INFORMATION SUPPLIED: Begin
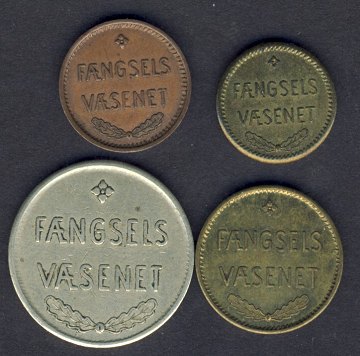 Poletter fra Fængselsvæsenet 1, 2, 10 og 100 øre
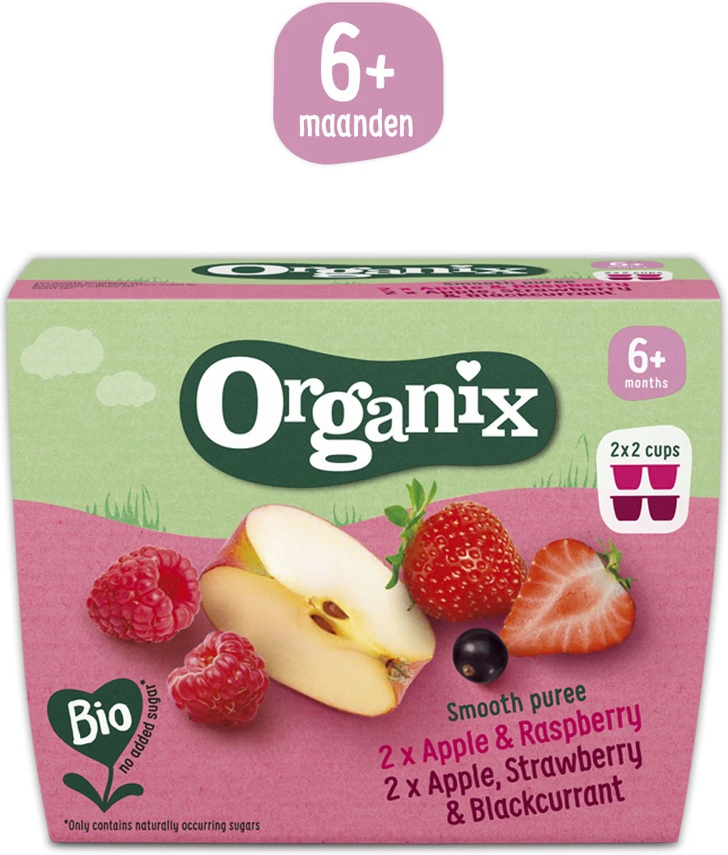 Contenu : 6x Organix 6+ Gobelets Pomme & Framboise + Pomme & Fraise & Cassis 4x100G
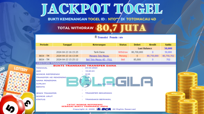 BOLAGILA JACKPOT TOGEL DI TOTO MACAU 4D Rp 80.700.000,- LUNAS
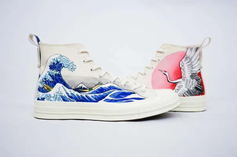 在纯白鞋身之上,富士山于松柏辅以细腻逼真的手绘呈现。
INFORMATION SUPPLIED: End
▸ **YOUR ASSIGNMENT**
From the first line to the last, write out the data above exactly. Omit the pictures.

▸ **RESULT FOR THIS TASK**
 Poletter fra Fængselsvæsenet 1, 2, 10 og 100 øre
 Contenu : 6x Organix 6+ Gobelets Pomme & Framboise + Pomme & Fraise & Cassis 4x100G
 BOLAGILA JACKPOT TOGEL DI TOTO MACAU 4D Rp 80.700.000,- LUNAS
 在纯白鞋身之上,富士山于松柏辅以细腻逼真的手绘呈现。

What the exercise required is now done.